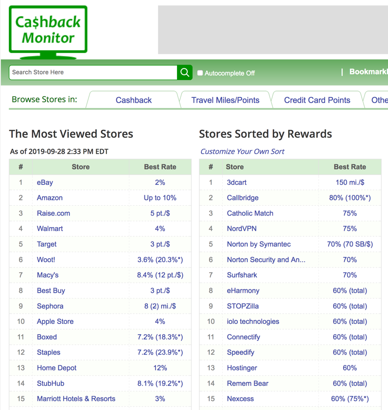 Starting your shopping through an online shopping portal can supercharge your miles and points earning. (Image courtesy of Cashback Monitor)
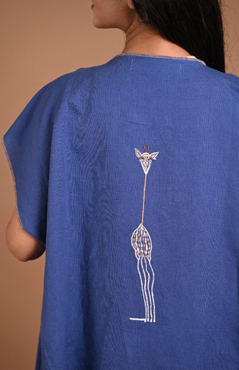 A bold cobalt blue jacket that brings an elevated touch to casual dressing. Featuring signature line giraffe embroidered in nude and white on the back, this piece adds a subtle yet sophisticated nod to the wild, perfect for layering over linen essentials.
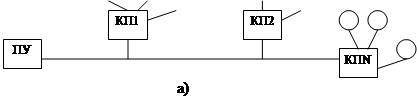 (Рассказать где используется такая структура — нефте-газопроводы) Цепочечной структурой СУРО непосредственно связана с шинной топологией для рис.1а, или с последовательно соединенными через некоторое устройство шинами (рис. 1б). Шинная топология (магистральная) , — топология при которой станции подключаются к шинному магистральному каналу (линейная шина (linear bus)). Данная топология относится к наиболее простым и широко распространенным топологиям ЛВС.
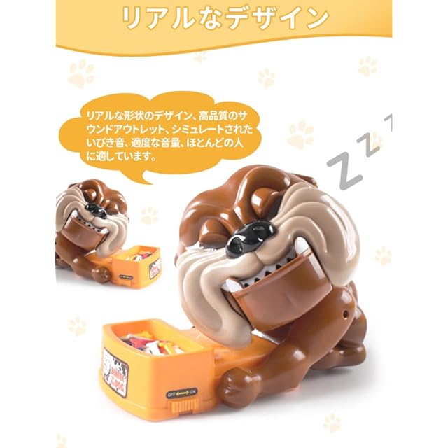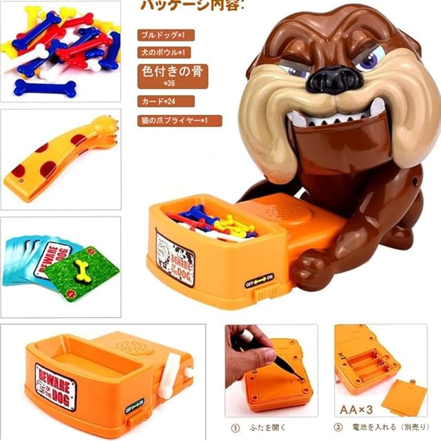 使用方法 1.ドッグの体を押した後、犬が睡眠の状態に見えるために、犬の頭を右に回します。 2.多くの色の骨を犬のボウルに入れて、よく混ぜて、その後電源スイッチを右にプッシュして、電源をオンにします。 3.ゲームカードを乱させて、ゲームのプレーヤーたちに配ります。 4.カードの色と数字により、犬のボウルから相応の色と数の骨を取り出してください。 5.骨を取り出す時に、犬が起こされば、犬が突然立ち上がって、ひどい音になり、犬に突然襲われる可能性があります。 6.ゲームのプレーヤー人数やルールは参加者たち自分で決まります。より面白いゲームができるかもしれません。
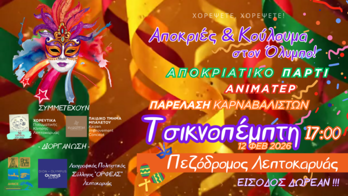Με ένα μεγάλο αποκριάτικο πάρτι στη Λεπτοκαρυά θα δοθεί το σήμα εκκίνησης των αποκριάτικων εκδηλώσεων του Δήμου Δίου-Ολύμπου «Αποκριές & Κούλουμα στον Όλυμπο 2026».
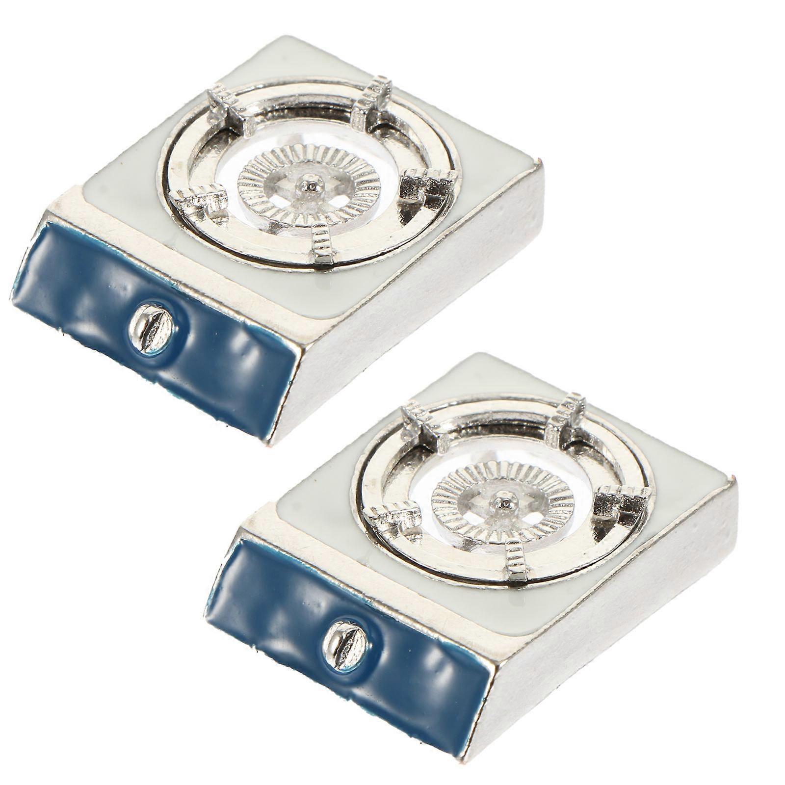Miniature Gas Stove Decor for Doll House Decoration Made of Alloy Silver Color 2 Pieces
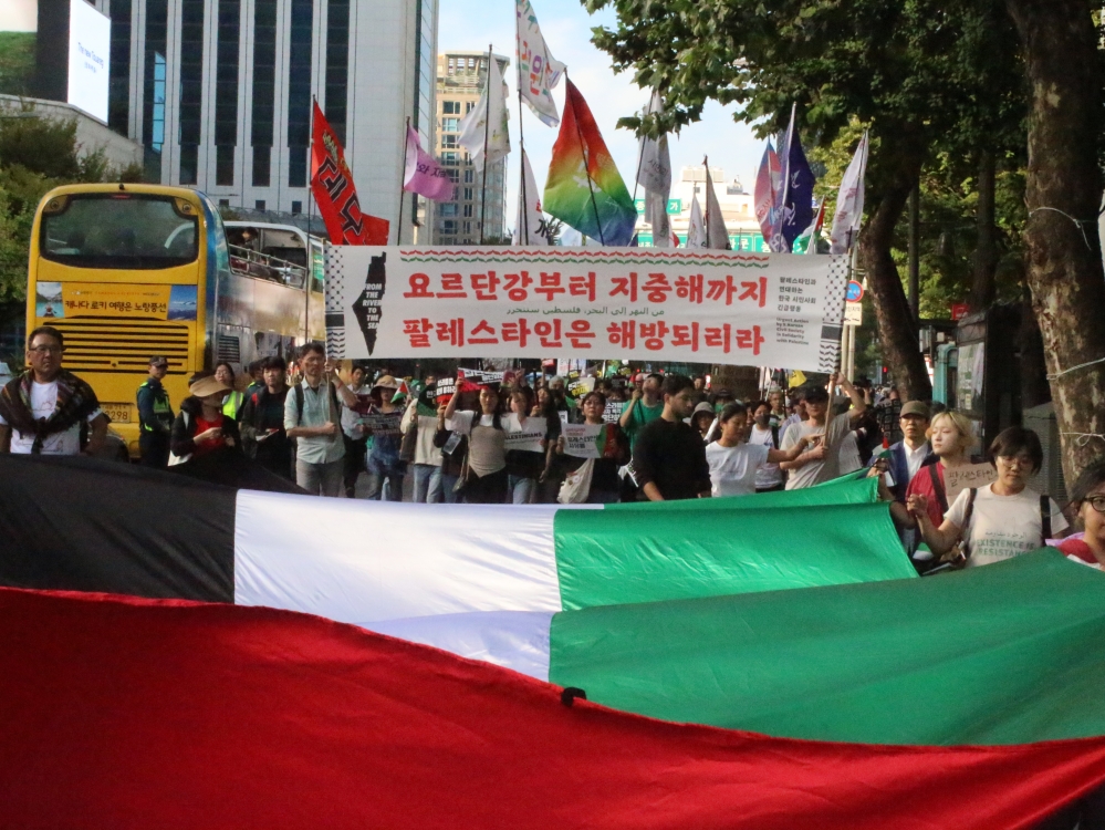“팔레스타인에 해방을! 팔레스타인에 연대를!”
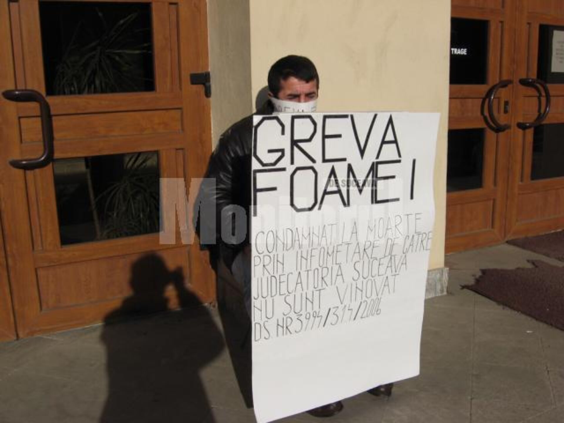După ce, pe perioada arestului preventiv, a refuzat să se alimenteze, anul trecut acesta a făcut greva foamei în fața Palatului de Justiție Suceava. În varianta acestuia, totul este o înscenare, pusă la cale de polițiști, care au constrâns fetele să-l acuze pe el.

------------

**Task to carry out:** Print every record exactly, without the pictures.

**Exercise solution:**
 Starting your shopping through an online shopping portal can supercharge your miles and points earning. (Image courtesy of Cashback Monitor)
 A bold cobalt blue jacket that brings an elevated touch to casual dressing. Featuring signature line giraffe embroidered in nude and white on the back, this piece adds a subtle yet sophisticated nod to the wild, perfect for layering over linen essentials.
 (Рассказать где используется такая структура — нефте-газопроводы) Цепочечной структурой СУРО непосредственно связана с шинной топологией для рис.1а, или с последовательно соединенными через некоторое устройство шинами (рис. 1б). Шинная топология (магистральная) , — топология при которой станции подключаются к шинному магистральному каналу (линейная шина (linear bus)). Данная топология относится к наиболее простым и широко распространенным топологиям ЛВС.
 使用方法 1.ドッグの体を押した後、犬が睡眠の状態に見えるために、犬の頭を右に回します。 2.多くの色の骨を犬のボウルに入れて、よく混ぜて、その後電源スイッチを右にプッシュして、電源をオンにします。 3.ゲームカードを乱させて、ゲームのプレーヤーたちに配ります。 4.カードの色と数字により、犬のボウルから相応の色と数の骨を取り出してください。 5.骨を取り出す時に、犬が起こされば、犬が突然立ち上がって、ひどい音になり、犬に突然襲われる可能性があります。 6.ゲームのプレーヤー人数やルールは参加者たち自分で決まります。より面白いゲームができるかもしれません。
Με ένα μεγάλο αποκριάτικο πάρτι στη Λεπτοκαρυά θα δοθεί το σήμα εκκίνησης των αποκριάτικων εκδηλώσεων του Δήμου Δίου-Ολύμπου «Αποκριές & Κούλουμα στον Όλυμπο 2026».
Miniature Gas Stove Decor for Doll House Decoration Made of Alloy Silver Color 2 Pieces
“팔레스타인에 해방을! 팔레스타인에 연대를!”
După ce, pe perioada arestului preventiv, a refuzat să se alimenteze, anul trecut acesta a făcut greva foamei în fața Palatului de Justiție Suceava. În varianta acestuia, totul este o înscenare, pusă la cale de polițiști, care au constrâns fetele să-l acuze pe el.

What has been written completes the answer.